Am i missing something ? or is this 

/Daniel


----------



## aragon (Jul 16, 2009)

Pretty sure pppd(8) was dropped from 8.0 when the new tty layer was written.  Use ppp(8) - it is included in base and is vastly superior to pppd(8).  I'm amazed people still use pppd(8) as ppp(8) has been around since FreeBSD 2!


----------



## Dara (Jul 17, 2009)

Ok, i will try that then.. thank you.


----------



## pckizer (Apr 1, 2010)

aragon said:
			
		

> Pretty sure pppd(8) was dropped from 8.0 when the new tty layer was written.  Use ppp(8) - it is included in base and is vastly superior to pppd(8).  I'm amazed people still use pppd(8) as ppp(8) has been around since FreeBSD 2!
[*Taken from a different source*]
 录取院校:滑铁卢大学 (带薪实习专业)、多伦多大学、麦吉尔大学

One of the things I keep running into, though, is the use of pppd(8) by a variety of tools (l2tpd for instance) when trying to set up road-warrior VPN configs.  In those tools, not only does the tool explicitly have a #define pointing to /usr/sbin/pppd, but it also expects to do some command-line configuration of the pppd behaviour.  I've been playing with trying to make it use 'ppp -direct' instead, but suffering horrible failures trying to do so.  [Ideally I'd like to be able to tell my laptop to just use the Cisco-style connections where racoon provides the needed connections via a mode_cfg section rather than invoking a PPP-style back-end, but I'm getting Phase1 receive failures I'm still trying to work through on that possibility.]
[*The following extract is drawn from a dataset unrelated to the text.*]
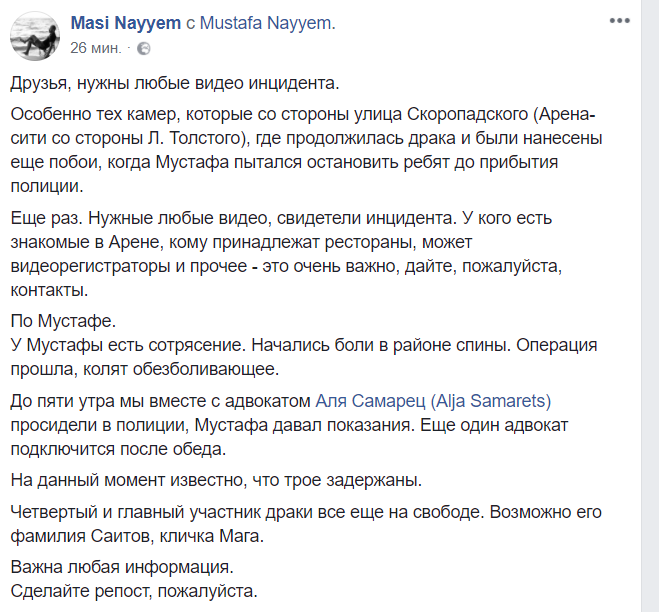 Якобы Найема опознали случайные свидетели. Они начали кричать, что в центре столицы избивают парламентария, на что его обидчики отреагировали бегством. К чести политика, он пытался их догнать. Настичь оппонентов Мустафе удалось за зданием Arena City. Впрочем, силы были неравны – здесь напавшие на Найема повалили его на землю, а сами скрылись с места происшествия на своих авто.

Does anyone have a working set of racoon and related configs that accepts road-warrior VPN clients (authenticated in any form: PSK, Cert, or hybrid with some system-level authenticator on the back-end like PAM/LDAP/etc) on a FreeBSD 8.x server?

For now, I'm doing both of still working on the Cisco-style [as according to the built-in Mac 10.6 client] mode_cfg and the phase 1+2 necessary to get me there as well as moving back to a FreeBSD 7.x system so I can at least get an l2tp-style known-working config going while I work out the other problems.


Thanks.


----------